# sportsman 500 opinions?



## Navi (Jun 2, 2009)

Looking at picking up one of these for the lease. Have some positive experience from one back in the late 90's.... just wanna make sure they are still capable of handle some simple deer lease abuse.


----------



## waterspout (May 21, 2004)

500 is great for that as long as your not pulling heavy trailers up hills


----------



## GUNSNREELS (Aug 17, 2010)

Navi,they are great atv's,my buddy has a 2011 sportsman 500 camo with very few hours for sell.He is asking $5500 for it.The atv is in excellent condition.He wants a side by side.


----------



## Marrou76 (Nov 24, 2013)

If you liked them in the 90's, you'll love them now. I had nothing but positive experience with my 2006, 500 sportsman. I really abused that thing and the only thing I had to spend money on besides maintenance was the water pump.

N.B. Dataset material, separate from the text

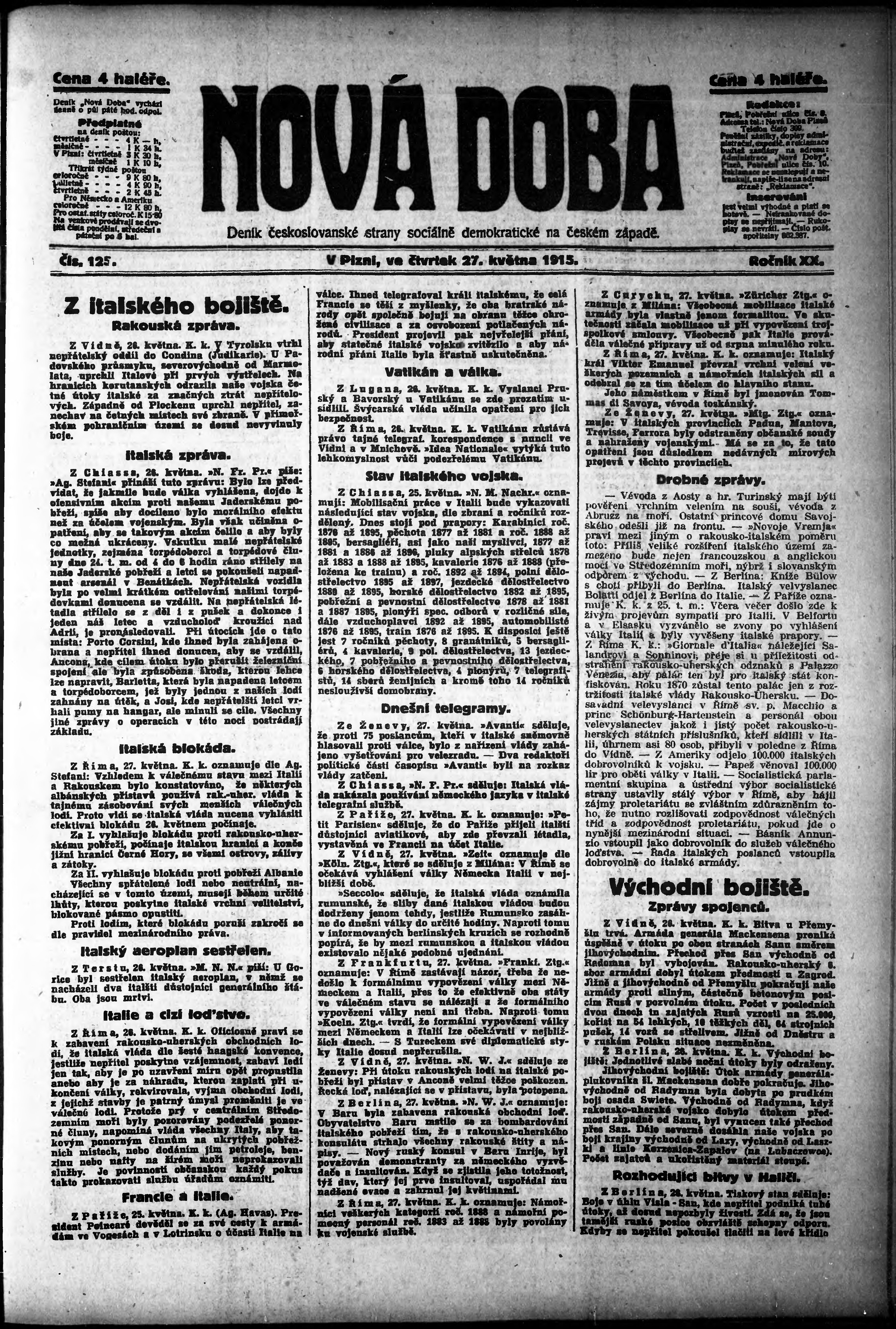 * Datum vydání výtisku: 27.5.1915 Číslo výtisku: 125

They are comfortable and they can take pretty much everything you can throw at them.


----------



## Tennif Shoe (Aug 11, 2011)

The 400 is a grand cheaper has a 449cc vs the 499cc of the 500. It will stay with the 500 up until 50 mph or so (I got there once, just to see, will not do that again (55 mph)). I have the 400 and I love it.


----------